I would prefer this to be a noop stub that doesn't work at all than
something like this that does way too much, and makes people think
the code will work.

As for terminate_irqs on x86 we do that on bootup not in the middle
of a crash shutdown.  The apics and xapics are close enough you
should be able to do the same on ia64.

You display remarkable faith in a kernel that has paniced.

> +#ifdef CONFIG_PCI
> +void machine_shutdown(void)
> +{
> +	struct pci_dev *dev;
> +	irq_desc_t *idesc;
> +	cpumask_t mask = CPU_MASK_NONE;
> +
> +	/* Disable all PCI devices */
> +	list_for_each_entry(dev, &pci_devices, global_list) {
> +		if (!(dev->is_enabled))
> +			continue;
> +		idesc = irq_descp(dev->irq);
> +		if (!idesc)
> +			continue;
> +		cpu_set(0, mask);
> +		disable_irq_nosync(dev->irq);
> +		idesc->handler->end(dev->irq);
> +		idesc->handler->set_affinity(dev->irq, mask);
> +		idesc->action = NULL;
> +		pci_disable_device(dev);
> +		pci_set_power_state(dev, 0);
> +	}
> +}
> +#endif

This is peculiar but almost sane.  We don't do this on x86,
because devices are peculiar enough that no generic sequence works.
What you have above belongs in the shutdown methods of the pci
devices.  There is no way to get this right in the general case.

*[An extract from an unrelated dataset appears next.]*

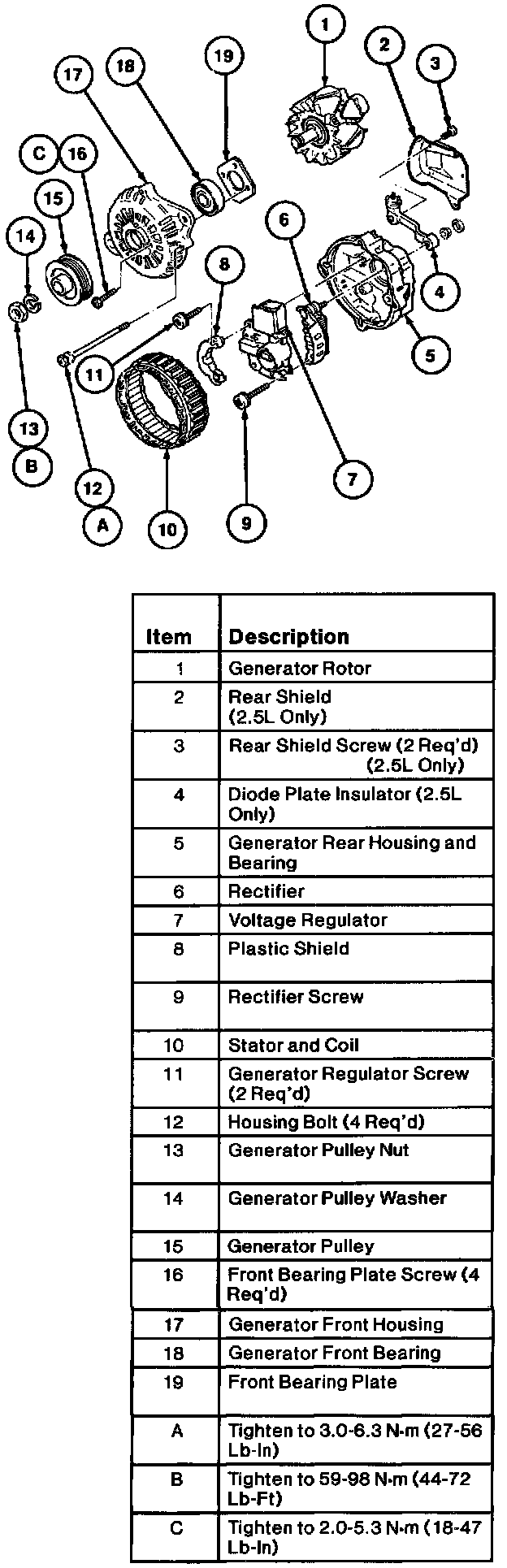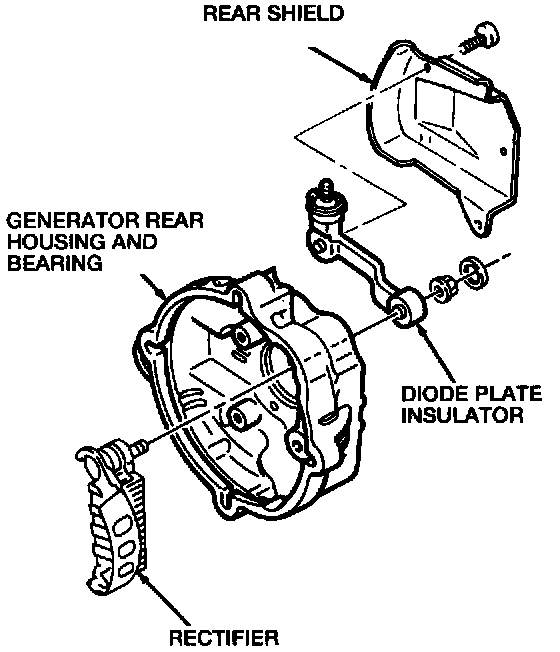 11. On this generator, remove the rear shield and the diode plate insulator from the generator rear housing and bearing.

some of the irq disable logic may in fact be sane.

Unless there is a good reason not to machine_shutdown needs
to be called from machine_restart.  So the code is routinely
used and tested.

Having machine_shutdown only build when you have PCI present
and then not making KEXEC depend on PCI is wrong.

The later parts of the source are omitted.